Return every line below as is, leaving out the pictures.

== Stored data ==

● ● ● ● ● ● ●

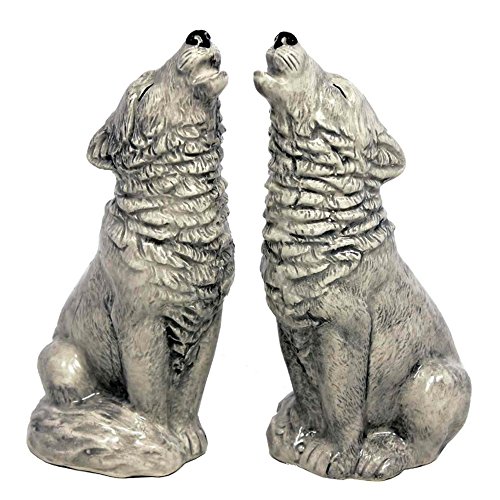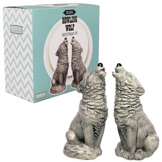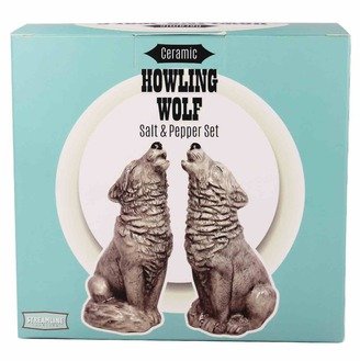 Howling Wolf Ceramic Salt and Pepper Shakers Set in a Gift Box
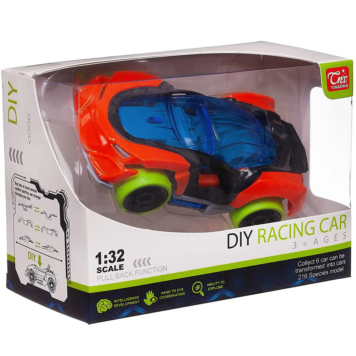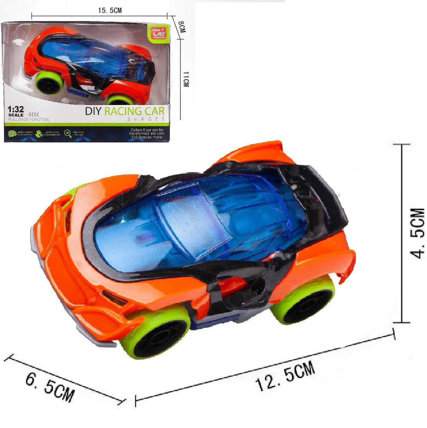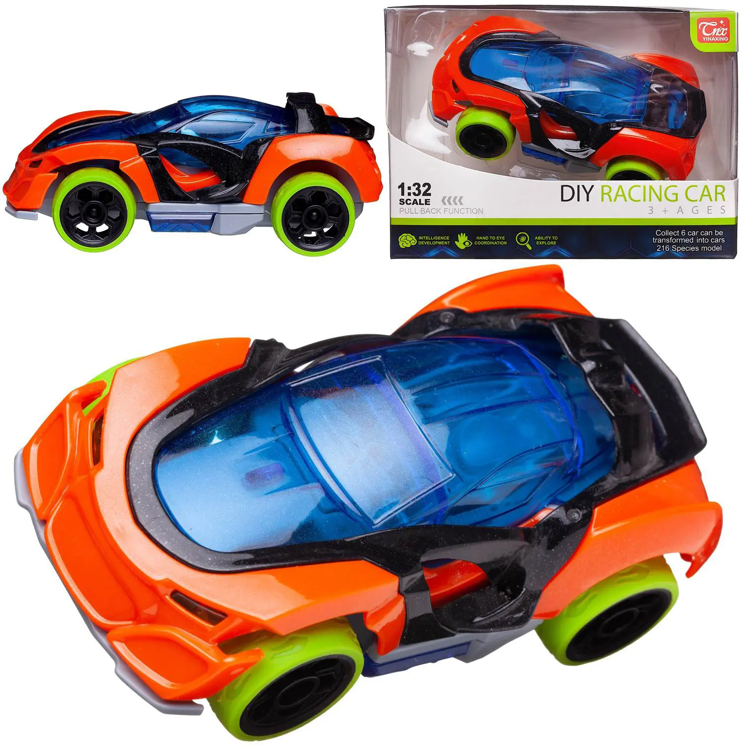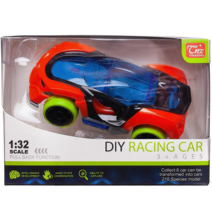 Все мальчишки любят играть с машинками. Ультрасовременная спортивная игрушечная машинка от бренда Junfa сразу привлекает к себе внимание и будет хорошим дополнением коллекции автотранспорта вашего мальчика. Она яркая, детали ее конструкции окрашены в различные цвета. Ее корпус – ярко оранжевого цвета, крыша машинки голубая прозрачная, через нее можно рассмотреть весь салон. Перламутрово-черная вставка обрамляет переднюю часть крыши, выделяет зоны дверей, переходит в задний спойлер. Машинка оснащена инерционным ходом, если ее оттянуть, а затем отпустить, она быстро поедет вперед. Она изготовлена из высококачественной пластмассы, имеет прорезиненные кислотно-зеленые колеса и оптимальный для игры размер. Игра с машинкой обязательно будет интересной и увлекательной.Технологически предусмотрен несложный разбор машинки с помощью крестовой отвертки (в комплект не входит). Возможно разделить машинку на 4 части: крыша, кузов, вставка, основание с колесами. Если приобрести дополнительно аналогичные машинки других цветов (артикула WE-13461 и WE-13463), то возможно комбинирование деталей между ними и создание новых ярких автомоделей.
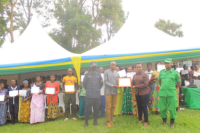 Ni igikorwa cyitabiriwe kdi kiyoborwa n’umuyobozi w’Akarere wungirije ushinzwe imibereho myiza y’abaturage Madamu MUKAYIRANGA Marie Gloriose. Muri ibi birori byo gutanga impamyabumenyi kubigishijwe gusoma kwandika no kubara bakuze bagera kuri 236 wabaye umwanya mwiza wo kugaragaza ishusho y’imiterere y’ikibina cy’abiga n’abigisha mu masomero, aho kigamije korozanya amatungo magufi, kwishyura mutuelle de santé no kugurizanya amafaranga y’ishuri, ubu kikaba kimaze kubageza kuri byinshi mu rwego rwo kwikura mu bukene no ushyigikirana mu iterambere ry’umuryango.

● ● ● ● ● ● ●

== Result for this exercise ==
 Howling Wolf Ceramic Salt and Pepper Shakers Set in a Gift Box
 Все мальчишки любят играть с машинками. Ультрасовременная спортивная игрушечная машинка от бренда Junfa сразу привлекает к себе внимание и будет хорошим дополнением коллекции автотранспорта вашего мальчика. Она яркая, детали ее конструкции окрашены в различные цвета. Ее корпус – ярко оранжевого цвета, крыша машинки голубая прозрачная, через нее можно рассмотреть весь салон. Перламутрово-черная вставка обрамляет переднюю часть крыши, выделяет зоны дверей, переходит в задний спойлер. Машинка оснащена инерционным ходом, если ее оттянуть, а затем отпустить, она быстро поедет вперед. Она изготовлена из высококачественной пластмассы, имеет прорезиненные кислотно-зеленые колеса и оптимальный для игры размер. Игра с машинкой обязательно будет интересной и увлекательной.Технологически предусмотрен несложный разбор машинки с помощью крестовой отвертки (в комплект не входит). Возможно разделить машинку на 4 части: крыша, кузов, вставка, основание с колесами. Если приобрести дополнительно аналогичные машинки других цветов (артикула WE-13461 и WE-13463), то возможно комбинирование деталей между ними и создание новых ярких автомоделей.
 Ni igikorwa cyitabiriwe kdi kiyoborwa n’umuyobozi w’Akarere wungirije ushinzwe imibereho myiza y’abaturage Madamu MUKAYIRANGA Marie Gloriose. Muri ibi birori byo gutanga impamyabumenyi kubigishijwe gusoma kwandika no kubara bakuze bagera kuri 236 wabaye umwanya mwiza wo kugaragaza ishusho y’imiterere y’ikibina cy’abiga n’abigisha mu masomero, aho kigamije korozanya amatungo magufi, kwishyura mutuelle de santé no kugurizanya amafaranga y’ishuri, ubu kikaba kimaze kubageza kuri byinshi mu rwego rwo kwikura mu bukene no ushyigikirana mu iterambere ry’umuryango.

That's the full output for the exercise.